WORK TO COMPLETE: With the images removed, write out every line below exactly.

DATA EXCERPT:
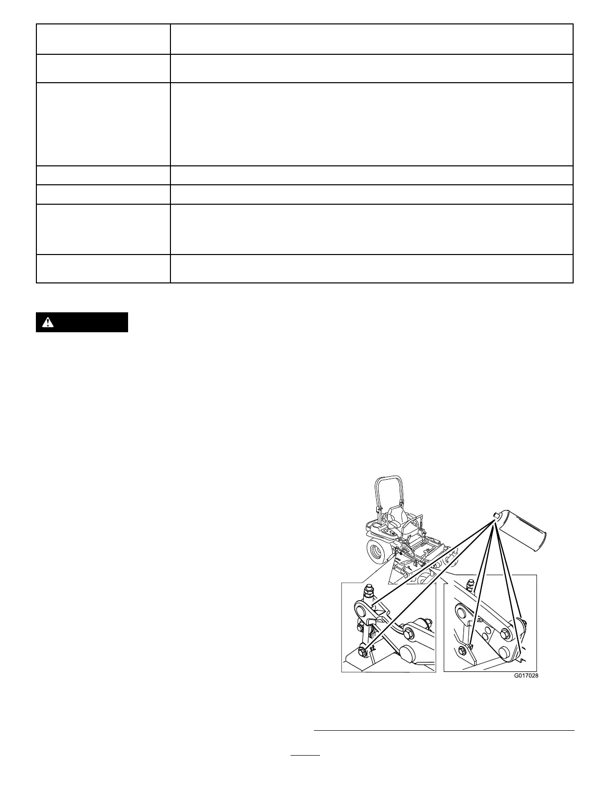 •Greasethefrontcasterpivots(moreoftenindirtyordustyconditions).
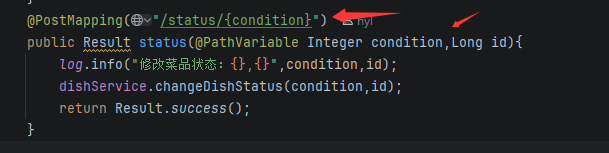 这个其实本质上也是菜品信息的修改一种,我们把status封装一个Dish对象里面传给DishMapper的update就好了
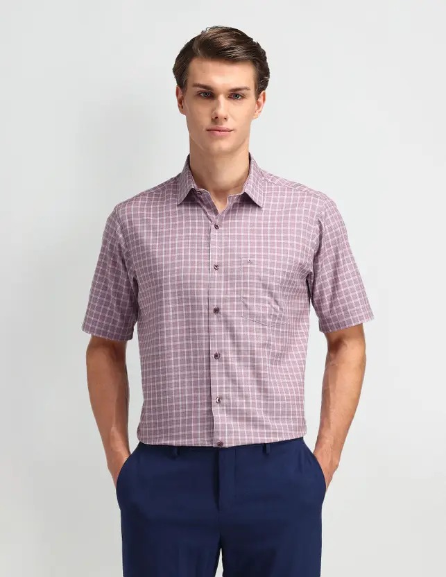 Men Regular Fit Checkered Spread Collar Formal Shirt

EXERCISE RESPONSE:
 •Greasethefrontcasterpivots(moreoftenindirtyordustyconditions).
 这个其实本质上也是菜品信息的修改一种,我们把status封装一个Dish对象里面传给DishMapper的update就好了
 Men Regular Fit Checkered Spread Collar Formal Shirt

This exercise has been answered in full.